Provided data »
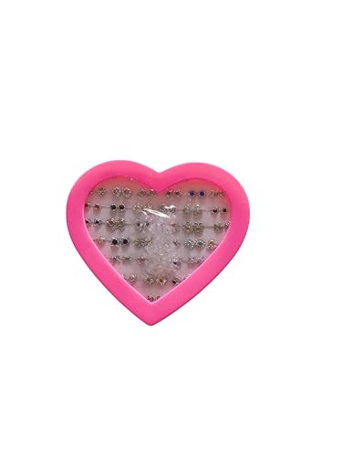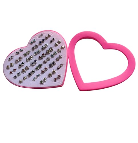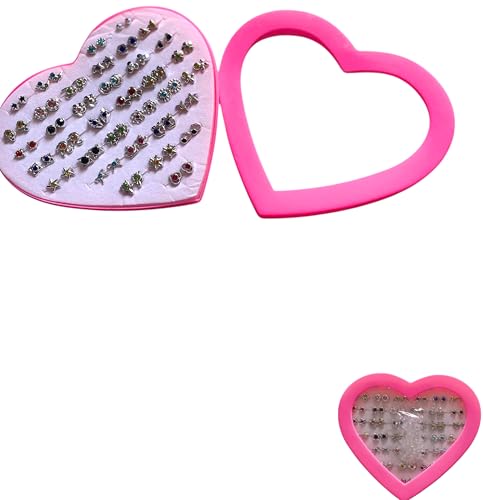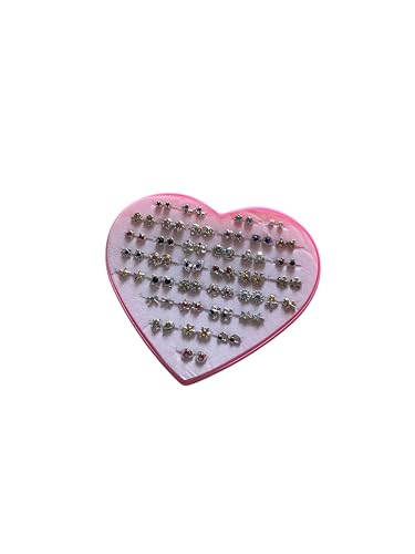 Generic - مجموعة أقراط فضية للأطفال،36 زوج، تصاميم متنوعة مع كريستال وأشكال قلوب ونجوم، علبة قلب وردية
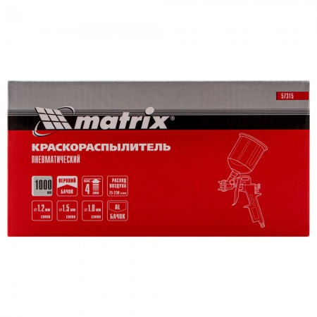 Краскораспылитель пневматический с верхним бачком V 1, 0 л, сопло D 1.2, 1.5 и 1.8 мм Matrix (57315)
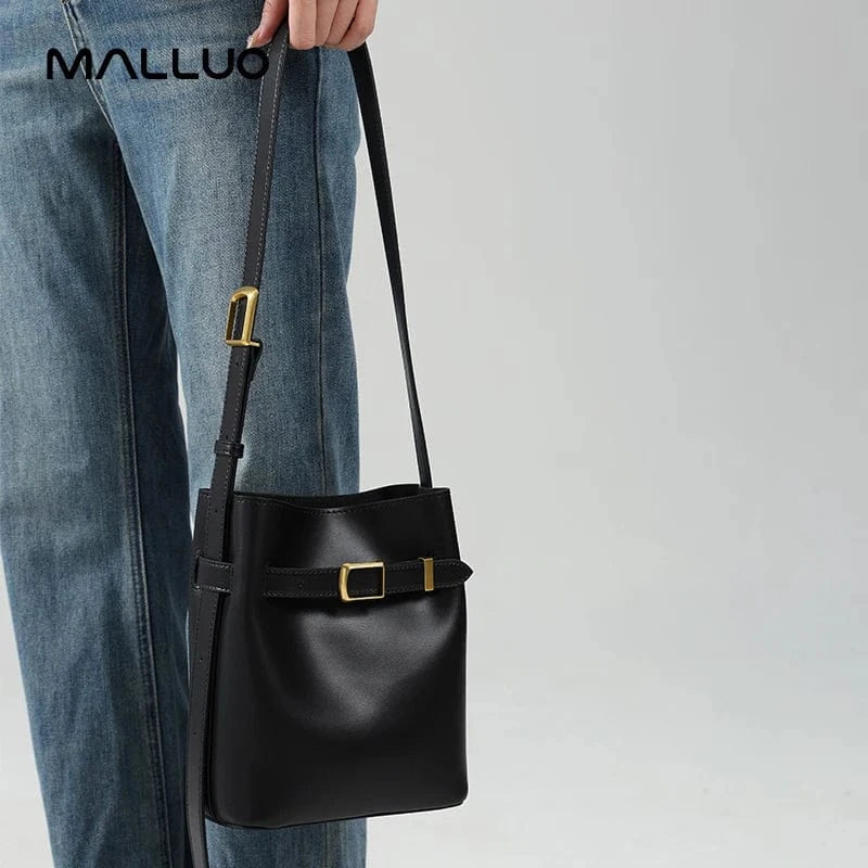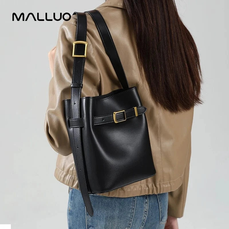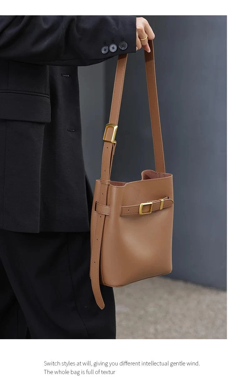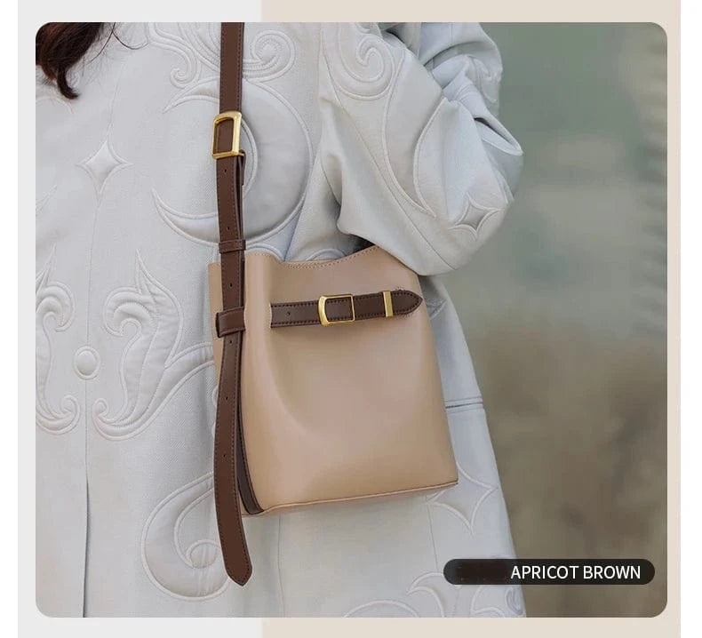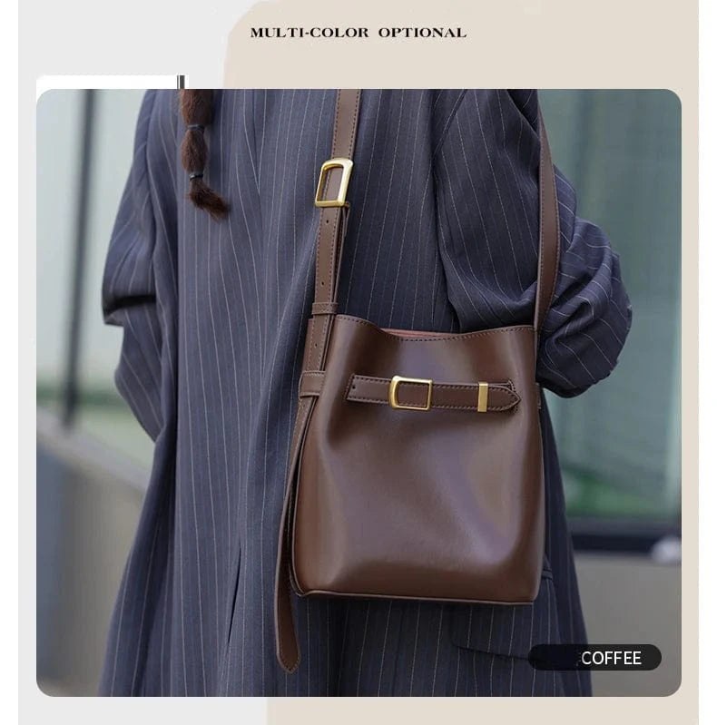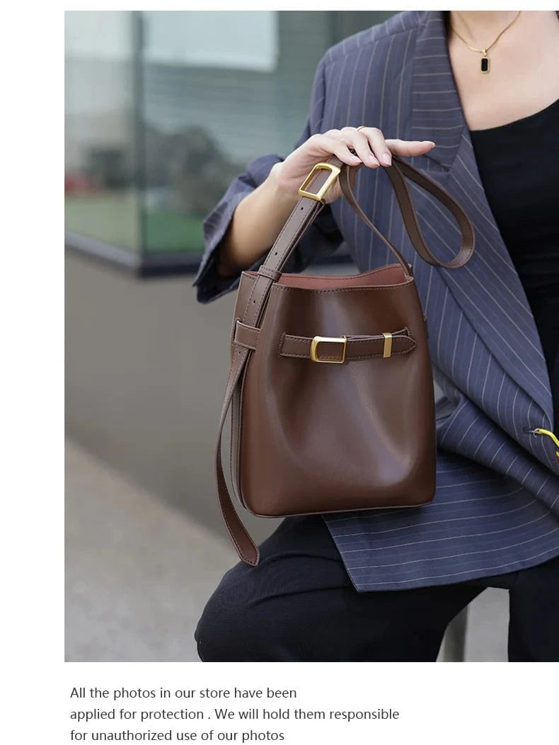 Cow Split Leather Bucket Bag Women Vintage messenger High Quality Simple Handbag Lady Shoulder Bag Luxury Female Crossbody Bags

Requirement » Reproduce the lines of the data that run from the one containing "Краскораспылитель пневматический с" to the final line, both included, exactly as they appear and without the pictures.

Solution below »
 Краскораспылитель пневматический с верхним бачком V 1, 0 л, сопло D 1.2, 1.5 и 1.8 мм Matrix (57315)
 Cow Split Leather Bucket Bag Women Vintage messenger High Quality Simple Handbag Lady Shoulder Bag Luxury Female Crossbody Bags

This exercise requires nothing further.